— About this task —
If a line in the records below includes the word "curriculum", count it, then give the total and nothing else.

[Excerpts from a dataset]
*** Block opens ***

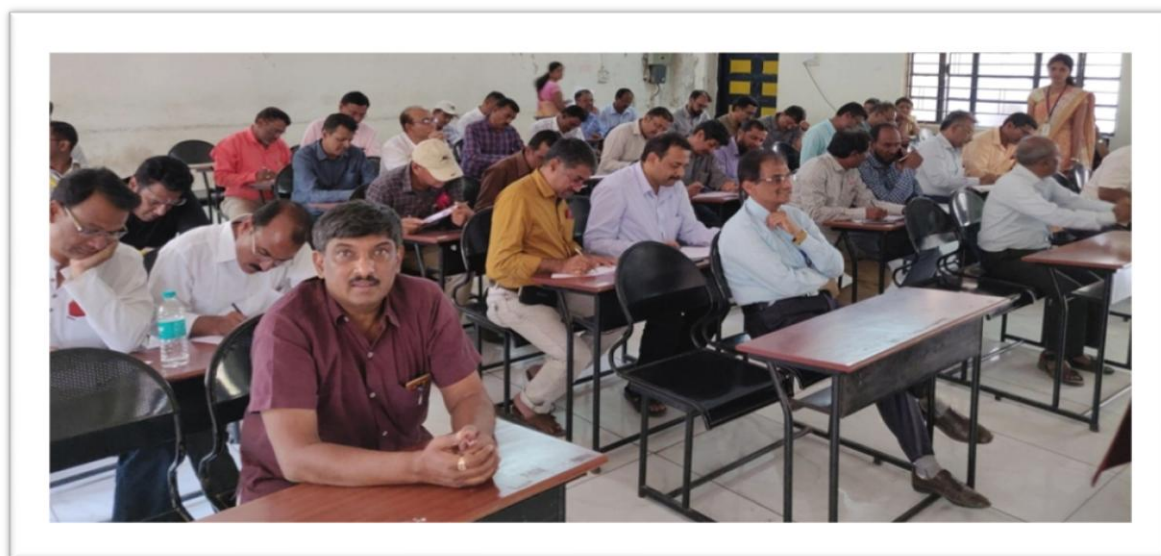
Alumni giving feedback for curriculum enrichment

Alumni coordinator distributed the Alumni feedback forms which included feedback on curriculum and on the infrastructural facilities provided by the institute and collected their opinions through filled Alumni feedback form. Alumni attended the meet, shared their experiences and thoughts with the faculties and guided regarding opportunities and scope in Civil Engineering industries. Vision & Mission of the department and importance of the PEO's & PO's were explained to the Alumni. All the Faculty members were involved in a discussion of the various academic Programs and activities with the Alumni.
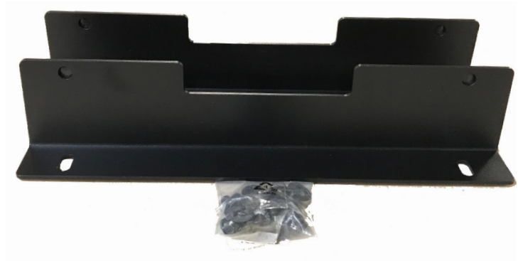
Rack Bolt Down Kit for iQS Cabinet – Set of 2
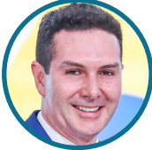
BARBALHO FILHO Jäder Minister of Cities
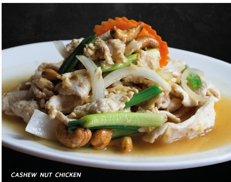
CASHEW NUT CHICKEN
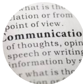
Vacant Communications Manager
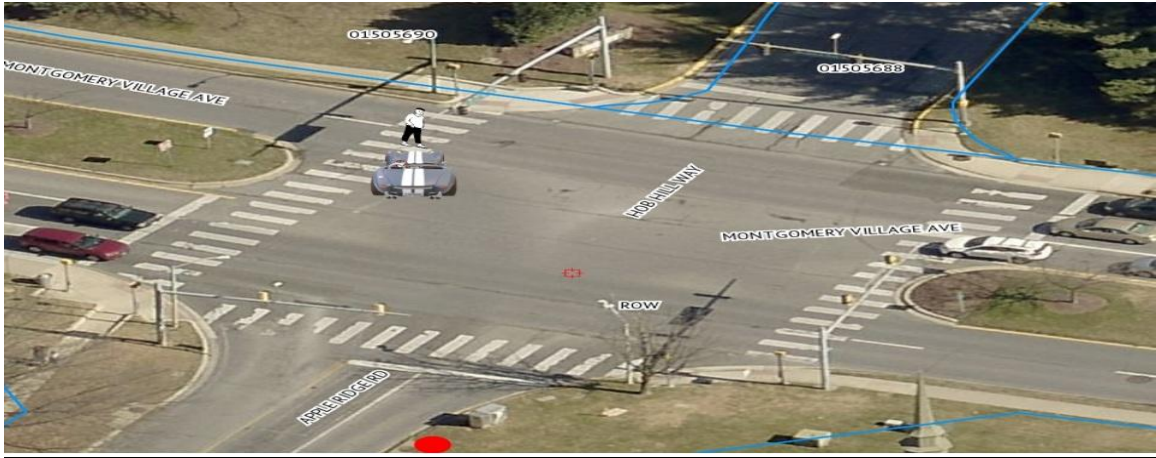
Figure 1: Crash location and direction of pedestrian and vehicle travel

*** Block closes ***

— Result for this task —
2